The chronology of Paul Rand's design experience has paralleled the development of the modern design movement. Paul Rand's first career in media promotion and cover design ran from 1937 to 1941, his second career in advertising design ran from 1941 to 1954, and his third career in corporate identification began in 1954. Paralleling these three careers there has been a consuming interest in design education and Paul Rand's fourth career as an educator started at Cooper Union in 1942. He taught at Pratt Institute in 1946 and in 1956 he accepted a post at Yale University's graduate school of design where he held the title of Professor of Graphic Design.
In 1937 Paul launched his first career at Esquire. Although he was only occasionally involved in the editorial layout of that magazine, he designed material on its behalf and turned out a spectacular series of covers for Apparel Arts, a quarterly published in conjunction with Esquire. In spite of a schedule that paid no heed to regular working hours or minimum wage scales, he managed in these crucial years to find time to design an impressive array of covers for other magazines, particularly Directions. From 1938 on his work was a regular feature of the exhibitions of the Art Directors Club.

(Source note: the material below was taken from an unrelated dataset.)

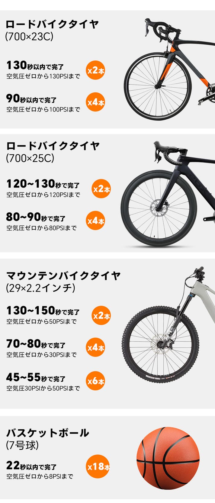 - どんな自転車のタイヤにも空気を高速安定供給。ロードバイクやマウンテンバイク乗りにオススメ!
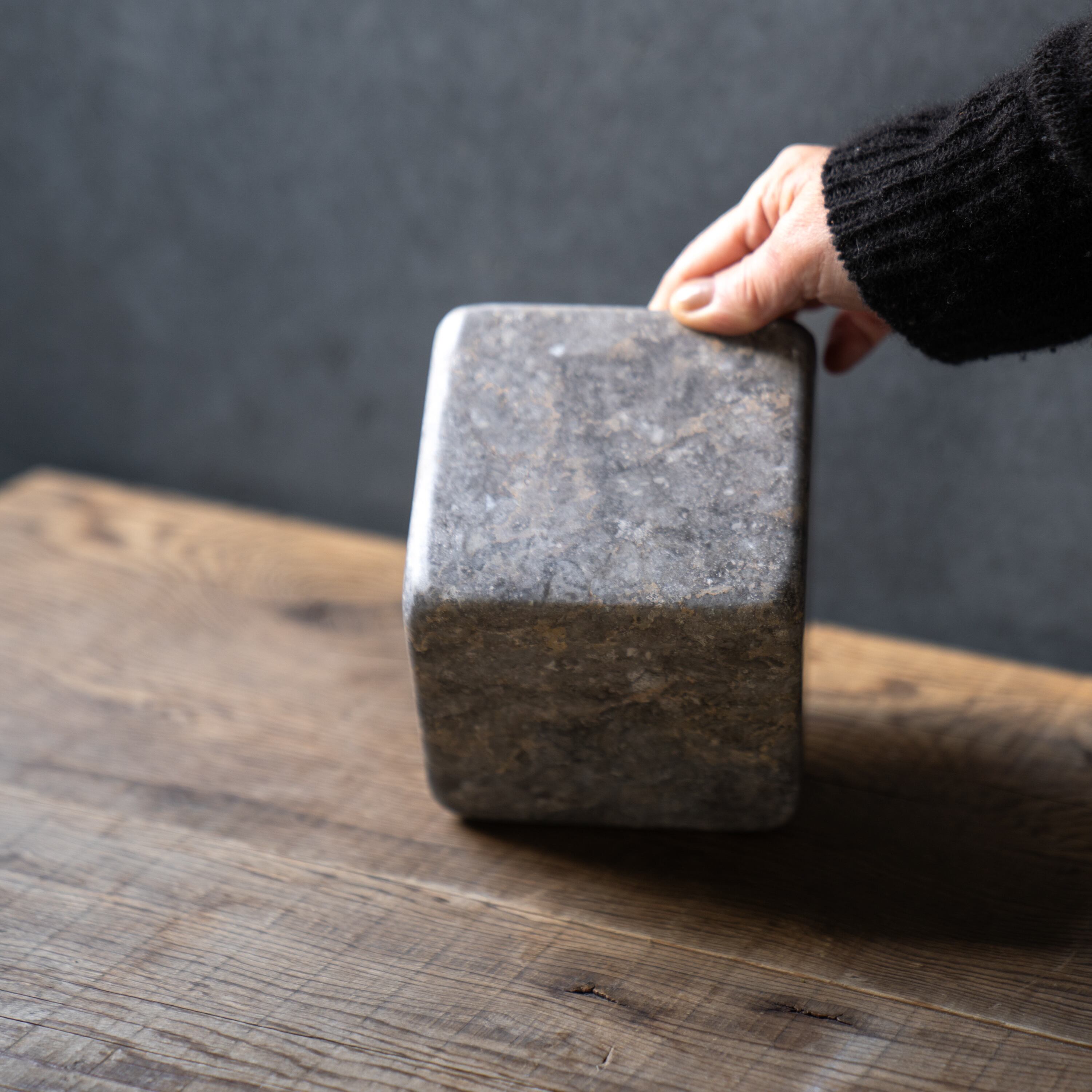 マット仕上げの大理石がクールな印象のキューブ型のポットカバー。コンパクトながら重厚感がありモダンなインテリアを演出します。

Most contemporary designers are aware of Paul Rand's successful and compelling contributions to advertising design. What is not well known is the significant role he played in setting the pattern for future approaches to the advertising concept. Paul was probably the first of a long and distinguished line of art directors to work with and appreciate the unique talent of William Bernbach. Paul described his first meeting with Bernbach as "akin to Columbus discovering America," and went on to say, "This was my first encounter with a copywriter who understood visual ideas and who didn?t come in with a yellow copy pad and a preconceived notion of what the layout should look like."
Paul spent fourteen years in advertising where he demonstrated the importance of the art director in advertising and helped break the isolation that once surrounded the art department. The final thought of his Thoughts on Design is worth repeating: "Even if it is true that commonplace advertising and exhibitions of bad taste are indicative of the mental capacity of the man in the street, the opposing argument is equally valid. Bromidic advertising catering to that bad taste merely perpetuates that mediocrity and denies him one of the most easily accessible means of aesthetic development."
In 1954 when Paul Rand decided that for him Madison Avenue was no longer a two-way street and he resigned from the Weintraub agency, he was cited as one of the ten best art directors by the Museum of Modern Art. This was the same year in which he received the gold medal from the Art Directors Club for his Morse Code advertisement addressed to David Sarnoff of RCA.